Sind Sie jemals mit Doping konfrontiert worden?
Nein. Wir haben gehört, dass die Amis und die Ostblockstaaten aktiv sein sollen, aber mehr wussten wir darüber nicht.
Ihr Kumpel, der Gewichtheber Rolf Milser, hat sich noch 1977 für anabole Steroide ausgesprochen.
Bei den Gewichthebern war das vor dem Verbot in den späten Siebzigern gang und gäbe, aber mein Krafttraining sah ganz anders aus. Ich habe doch nicht mit 200 Kilo Kniebeugen gemacht, sondern viel über Schnellkraft erreicht, über Technik und Explosivkraft.
Sie waren bei Dr. Armin Klümper in Behandlung, der später als Dopingarzt überführt wurde.
Ich habe auch bei Joseph Keul Untersuchungen gemacht. Aber dass die beiden da mit drinhingen, hat mich sehr verwundert.
Warum?
Mir haben sie nie etwas angeboten. Natürlich bekam ich bei Verletzungen auch mal eine Spritze, aber von Klümper habe ich vor allem das richtige Dehnungsverhalten und Rückenschule gelernt. Er hat mir Übungen verschrieben, die meinen „Scheuermann“ behandelten und meiner Wirbelsäule eine Form gaben, die mich weniger verletzungsanfällig machte.
Hatten Sie Kontrolle darüber, was er Ihnen spritzte?
Weitestgehend. Ich kann jedenfalls sagen, dass er meines Wissens in seiner Praxis niemals flächendeckendes Doping angeboten hat, so wie es der Presse zu entnehmen war. Ob Sportler konkret mit der Bitte an ihn herantraten, verbotene Präparate verabreicht zu bekommen, und er darauf einging, weiß ich natürlich nicht.
Sie haben mal gesagt, Zehnkampf sei „Mord in zehn Raten“.
Der Spruch stammt vom Kollegen Kurt Bendlin, der extrem trainiert hat, oft verletzt war und Kraftübungen gemacht hat, bei denen man heute die Hände überm Kopf zusammenschlagen würde. Aber was er sagen wollte, stimmt: Man braucht für Zehnkampf ein optimales Grundlagentraining, um allen Disziplinen gewachsen zu sein.
Können Sie beschreiben, wie furchtbar die Schmerzen beim abschließenden 1500-Meter-Lauf sind.
Man hat neun Übungen in den Knochen, ist übermüdet.
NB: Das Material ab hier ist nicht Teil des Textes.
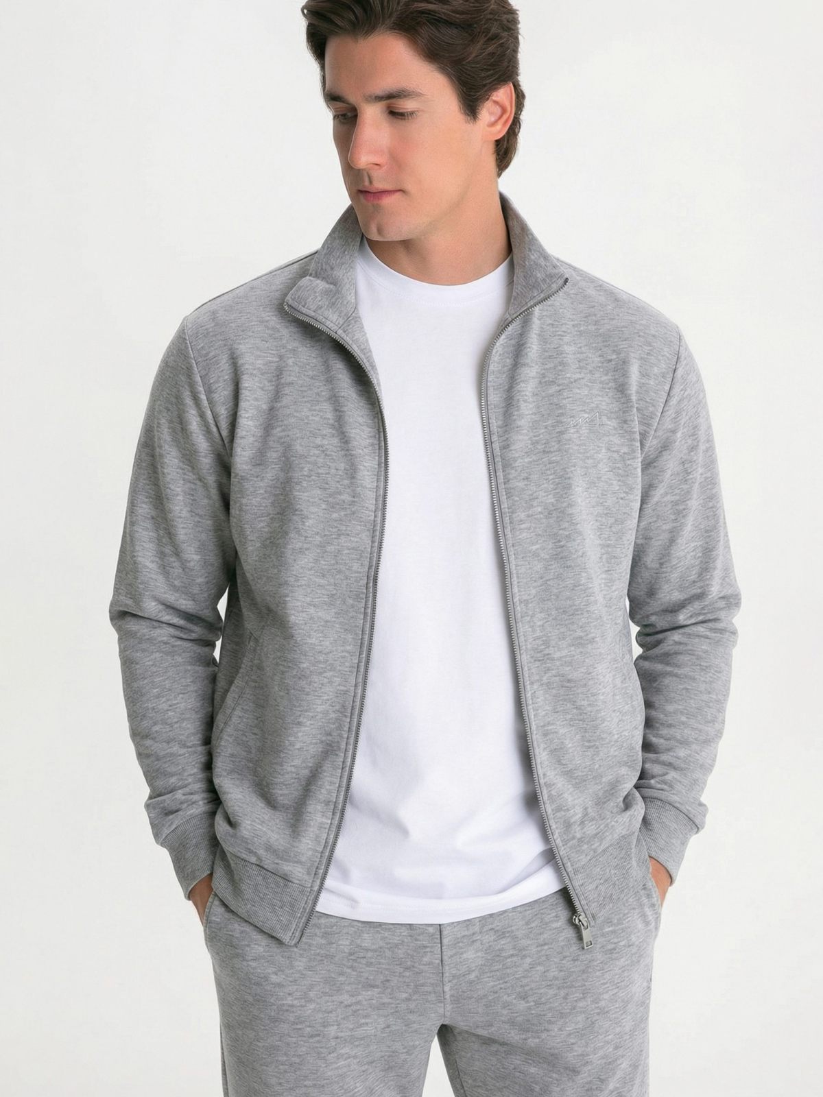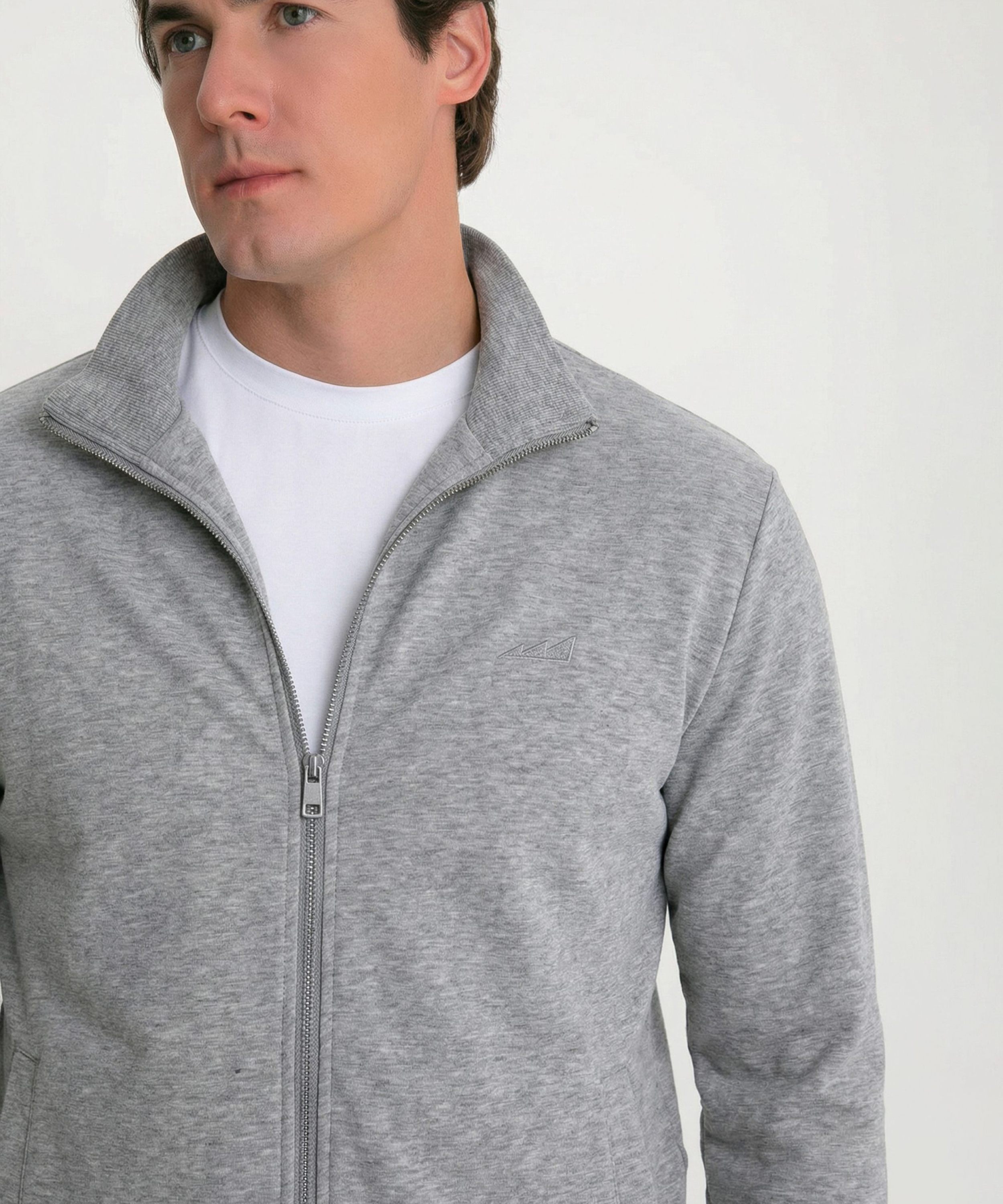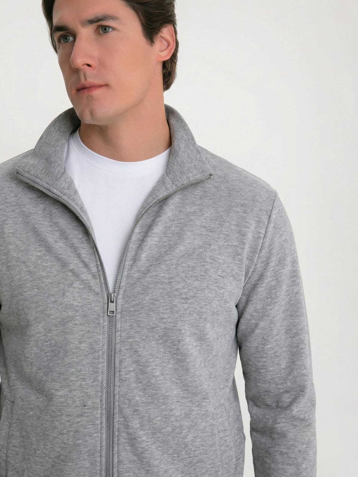 Классическая мужская олимпийка прямого кроя с воротником-стойкой. Выполнена из легкого материала, в составе которого 46% хлопка, 46% полиэстера и 8% эластана, что обеспечивает отличную посадку и долговечность изделия. Представлена в классическом цвете серый меланж, на груди расположена тональная лого-вышивка. Прекрасный выбор как для спортивного, так и для повседневного стиля.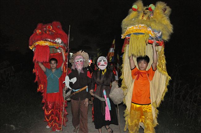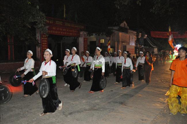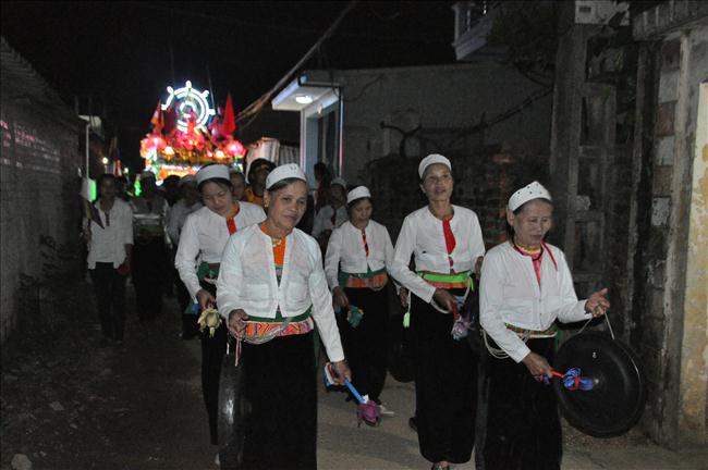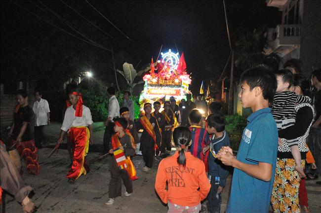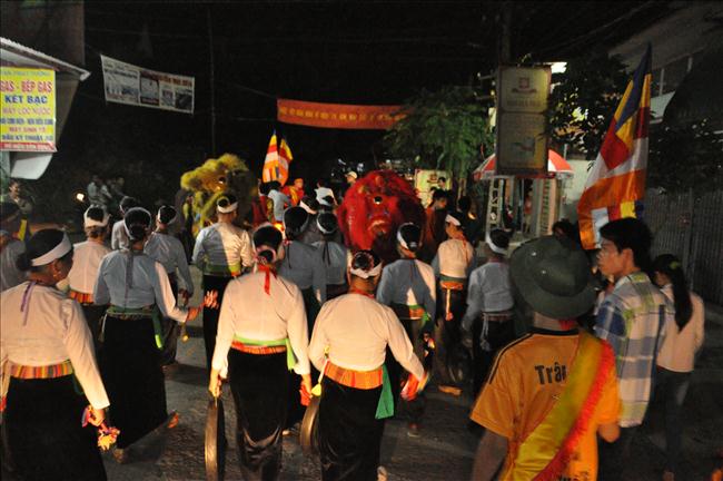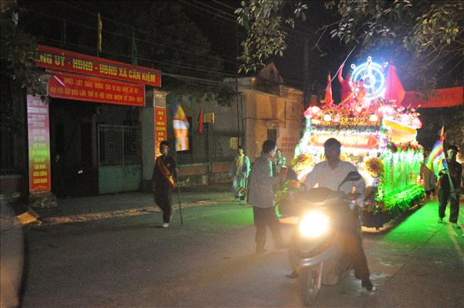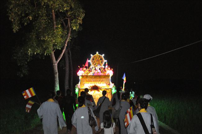 Đoàn rước khởi hành từ 18h bắt đầu từ chùa Kim Long vào các làng. Với trống, chiêng, âm nhạc, và xe hoa rực rỡ, lung linh, đoàn rước đi đến đâu không khí ở khu vực đó trở nên vui vẻ, nhộn nhịp, nhân dân bản địa từ các cụ già, thanh niên cho tới các cháu thiếu nhi đều nô nức hân hoan cùng nhau xem rước Phật với sự niềm nở xen lẫn cả chút háo hức tò mò, ngắm nghía khi đoàn rước đi qua.

Die letzten Meter sind die Hölle, man läuft buchstäblich bis zum Koma, weil man so übersäuert ist. Diesen Lauf habe ich gar nicht großartig trainiert, weil er aus meiner Sicht reine Kopfsache war.
Das Kotzen danach gehört dazu.
Bei Überanstrengung ist das nicht zu vermeiden, zumal man während des Wettkampfs so viel Flüssigkeit und Mineralien zu sich nehmen muss, dass der Magen zwangsläufig übersäuert. Eine Banane kann schon zu viel sein.
Jürgen Hingsen, Zehnkampf ist die Königsdisziplin der Leichtathletik, weil…
…dem Athleten physisch und psychisch alles abverlangt wird. Es wird die gesamte Muskulatur beansprucht, der Sportler muss über 300 unterschiedliche Bewegungsabläufe beherrschen, allein 46 beim Stabhochsprung. Um das mit Ausdauer, Schnelligkeit und Konzentration an zwei Tagen unter teils extremen Witterungsbedingungen so hinzubekommen, dass man ständig Bestleistungen bringt, ist eine hohe Kunst.